The SNP leader focused on George Osborne's "dive bomb" as he set out his own vision for links across the UK in a lecture hosted by the New Statesman in London.

Mr Osborne rejected the key Scottish Government proposal last month, just days after Prime Minister David Cameron made an appeal for Scots to vote to stay in the UK in the referendum on September 18.

Mr Salmond said: "In the last three weeks people in Scotland have seen an array of approaches from the UK Government - what they apparently call their Dambusters strategy.

"We were love-bombed from a distance by David Cameron, then dive-bombed at close range by George Osborne.

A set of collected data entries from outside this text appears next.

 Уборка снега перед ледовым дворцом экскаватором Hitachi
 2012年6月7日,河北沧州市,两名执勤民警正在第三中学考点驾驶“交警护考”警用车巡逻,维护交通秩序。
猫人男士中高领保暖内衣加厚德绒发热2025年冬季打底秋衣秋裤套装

"The UK cabinet came up to Aberdeen but chose not to meet the members of the public.

"I believe that George Osborne's speech on sterling three weeks ago - the sermon on the pound - will come to be seen as monumental an error as Margaret Thatcher's sermon on the mound some 25 years ago.

"It encapsulates diktats from on high which are not the strength of the Westminster elite, rather they're a fundamental weakness.

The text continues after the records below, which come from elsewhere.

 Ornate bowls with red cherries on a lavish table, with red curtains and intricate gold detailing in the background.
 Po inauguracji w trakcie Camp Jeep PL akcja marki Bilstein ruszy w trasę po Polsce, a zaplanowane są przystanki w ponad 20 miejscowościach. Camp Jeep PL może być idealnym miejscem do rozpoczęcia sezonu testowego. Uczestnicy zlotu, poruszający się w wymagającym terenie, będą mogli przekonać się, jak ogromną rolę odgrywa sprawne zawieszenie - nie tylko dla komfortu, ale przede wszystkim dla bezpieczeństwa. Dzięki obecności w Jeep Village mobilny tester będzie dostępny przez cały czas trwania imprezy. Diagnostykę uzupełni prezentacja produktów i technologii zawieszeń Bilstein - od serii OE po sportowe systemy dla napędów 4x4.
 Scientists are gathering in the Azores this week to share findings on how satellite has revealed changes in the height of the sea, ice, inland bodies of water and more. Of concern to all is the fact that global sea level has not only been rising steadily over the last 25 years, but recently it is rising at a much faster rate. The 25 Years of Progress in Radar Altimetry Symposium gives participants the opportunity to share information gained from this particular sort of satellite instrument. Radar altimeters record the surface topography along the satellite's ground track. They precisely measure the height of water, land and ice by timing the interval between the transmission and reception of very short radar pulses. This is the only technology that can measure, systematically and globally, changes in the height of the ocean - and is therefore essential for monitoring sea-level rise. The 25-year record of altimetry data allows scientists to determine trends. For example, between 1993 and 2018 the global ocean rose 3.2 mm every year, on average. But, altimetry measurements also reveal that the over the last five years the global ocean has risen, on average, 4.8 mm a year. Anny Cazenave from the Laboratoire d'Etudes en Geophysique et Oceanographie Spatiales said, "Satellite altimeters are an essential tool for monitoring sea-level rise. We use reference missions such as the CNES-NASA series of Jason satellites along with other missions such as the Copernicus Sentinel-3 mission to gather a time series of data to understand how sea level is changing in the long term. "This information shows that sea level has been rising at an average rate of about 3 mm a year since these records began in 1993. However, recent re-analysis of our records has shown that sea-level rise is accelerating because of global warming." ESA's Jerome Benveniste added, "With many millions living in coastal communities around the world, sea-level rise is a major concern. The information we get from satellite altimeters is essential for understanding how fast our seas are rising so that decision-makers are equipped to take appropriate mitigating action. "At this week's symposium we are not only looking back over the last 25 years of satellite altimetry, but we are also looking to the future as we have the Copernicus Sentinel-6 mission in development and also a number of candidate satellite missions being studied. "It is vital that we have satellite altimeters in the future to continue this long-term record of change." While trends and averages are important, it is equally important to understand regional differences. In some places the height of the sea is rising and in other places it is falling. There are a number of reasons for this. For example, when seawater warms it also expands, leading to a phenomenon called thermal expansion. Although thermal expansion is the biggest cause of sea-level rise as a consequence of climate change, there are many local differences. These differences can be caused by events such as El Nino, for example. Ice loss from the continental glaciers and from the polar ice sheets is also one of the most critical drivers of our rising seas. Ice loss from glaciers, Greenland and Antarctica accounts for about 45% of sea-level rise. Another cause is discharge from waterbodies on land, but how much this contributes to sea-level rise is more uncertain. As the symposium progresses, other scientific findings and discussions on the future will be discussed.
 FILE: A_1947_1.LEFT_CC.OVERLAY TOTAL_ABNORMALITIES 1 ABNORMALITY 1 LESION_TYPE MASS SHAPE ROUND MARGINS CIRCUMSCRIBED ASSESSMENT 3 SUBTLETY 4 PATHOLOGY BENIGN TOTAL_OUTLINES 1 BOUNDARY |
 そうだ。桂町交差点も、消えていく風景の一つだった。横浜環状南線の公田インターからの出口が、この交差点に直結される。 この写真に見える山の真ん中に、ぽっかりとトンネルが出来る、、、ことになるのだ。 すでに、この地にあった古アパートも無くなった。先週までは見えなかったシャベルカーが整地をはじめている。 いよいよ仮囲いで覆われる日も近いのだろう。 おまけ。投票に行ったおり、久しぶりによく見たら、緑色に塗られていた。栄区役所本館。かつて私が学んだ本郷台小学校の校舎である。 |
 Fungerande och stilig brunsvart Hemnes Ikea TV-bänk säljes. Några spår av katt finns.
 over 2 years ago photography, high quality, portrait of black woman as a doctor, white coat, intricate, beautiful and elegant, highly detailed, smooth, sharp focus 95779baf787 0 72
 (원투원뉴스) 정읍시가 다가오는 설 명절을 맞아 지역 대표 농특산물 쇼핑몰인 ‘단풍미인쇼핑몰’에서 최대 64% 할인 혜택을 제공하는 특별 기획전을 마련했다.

"I want to make a contrast, and we shall make a contrast, that we shall seek to engage with the people of England on the case for progressive reform."

The Chancellor repeatedly referred to an independent Scotland being "foreign" to the rest of the UK, Mr Salmond said.

"Scotland will not be a foreign country after independence, any more than Ireland, Northern Ireland, England or Wales could ever be foreign countries to Scotland," he said.

Meanwhile a veteran economist has claimed a currency union would benefit the remainder of the UK more than an independent Scotland.

It would actually be in Scotland's greater self-interest to use the pound unilaterally, but a currency union would benefit both sides of the Border, Professor David Simpson said.

The former World Bank economist rejected the argument that a currency union required a political union to work.